(Data segment):
☆ ☆ ☆ ☆
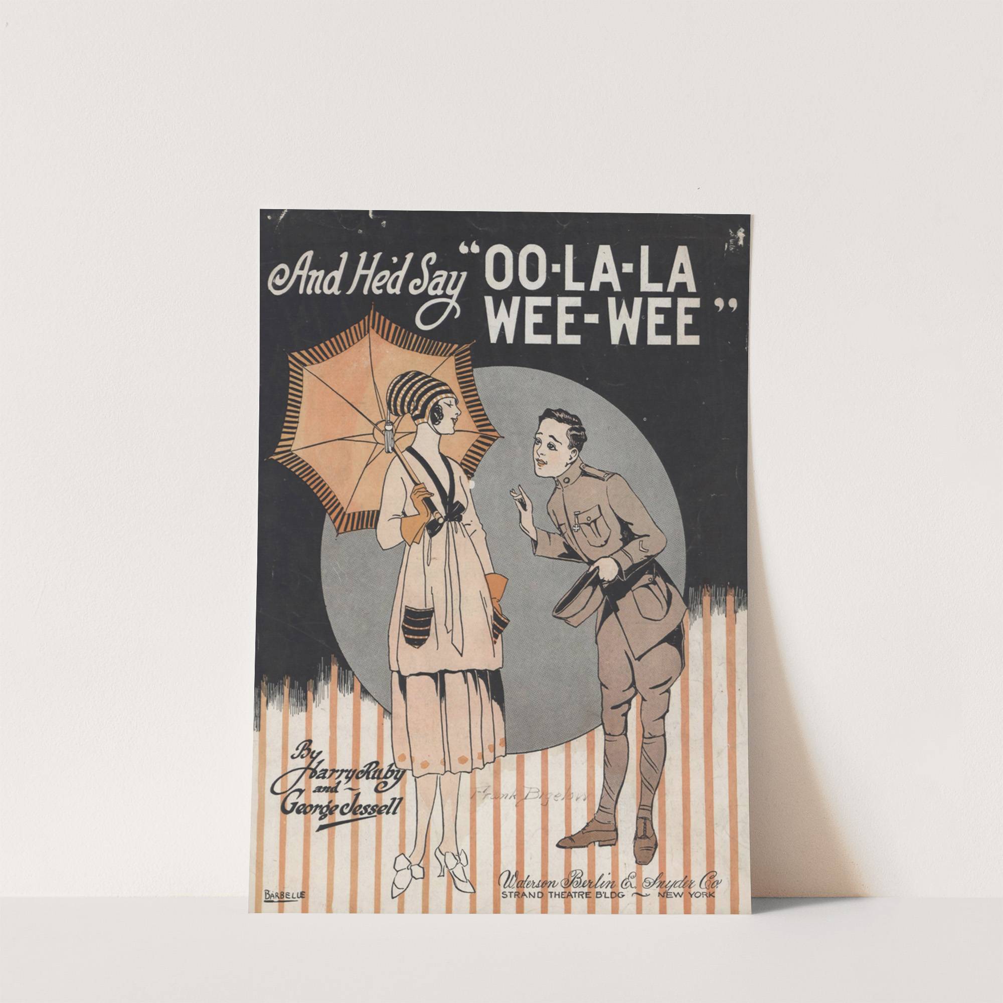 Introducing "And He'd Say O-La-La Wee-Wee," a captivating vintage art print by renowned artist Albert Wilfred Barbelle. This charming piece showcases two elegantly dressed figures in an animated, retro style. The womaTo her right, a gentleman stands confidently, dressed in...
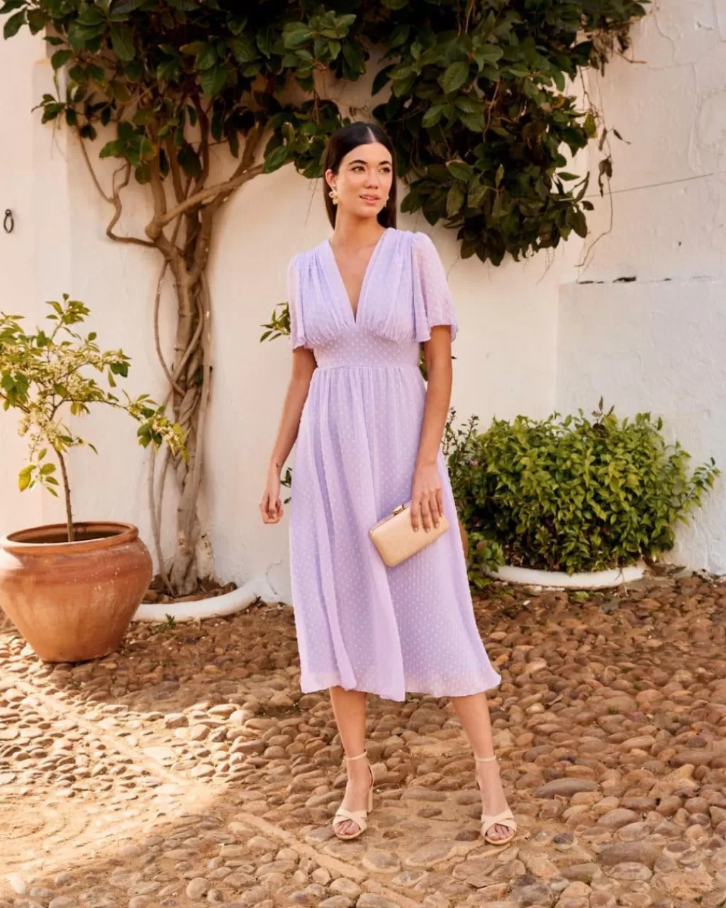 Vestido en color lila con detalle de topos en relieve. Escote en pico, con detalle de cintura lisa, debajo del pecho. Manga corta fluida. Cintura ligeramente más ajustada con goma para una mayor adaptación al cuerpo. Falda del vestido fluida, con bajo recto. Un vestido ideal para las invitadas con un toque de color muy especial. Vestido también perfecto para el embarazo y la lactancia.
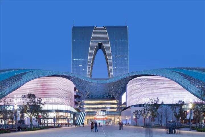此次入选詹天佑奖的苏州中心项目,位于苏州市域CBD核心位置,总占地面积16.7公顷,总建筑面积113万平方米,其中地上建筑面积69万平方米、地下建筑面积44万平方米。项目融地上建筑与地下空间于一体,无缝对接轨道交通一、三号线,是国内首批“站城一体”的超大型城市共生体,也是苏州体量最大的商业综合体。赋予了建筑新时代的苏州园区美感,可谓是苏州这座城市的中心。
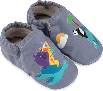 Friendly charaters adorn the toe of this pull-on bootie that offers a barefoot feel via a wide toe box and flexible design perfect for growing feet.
☆ ☆ ☆ ☆
(Task directions): Begin with the line holding "Vestido en color" and end with the last line of the listing. Reproduce each of those lines exactly, and leave every picture out.

(Solution for this problem):
 Vestido en color lila con detalle de topos en relieve. Escote en pico, con detalle de cintura lisa, debajo del pecho. Manga corta fluida. Cintura ligeramente más ajustada con goma para una mayor adaptación al cuerpo. Falda del vestido fluida, con bajo recto. Un vestido ideal para las invitadas con un toque de color muy especial. Vestido también perfecto para el embarazo y la lactancia.
此次入选詹天佑奖的苏州中心项目,位于苏州市域CBD核心位置,总占地面积16.7公顷,总建筑面积113万平方米,其中地上建筑面积69万平方米、地下建筑面积44万平方米。项目融地上建筑与地下空间于一体,无缝对接轨道交通一、三号线,是国内首批“站城一体”的超大型城市共生体,也是苏州体量最大的商业综合体。赋予了建筑新时代的苏州园区美感,可谓是苏州这座城市的中心。
 Friendly charaters adorn the toe of this pull-on bootie that offers a barefoot feel via a wide toe box and flexible design perfect for growing feet.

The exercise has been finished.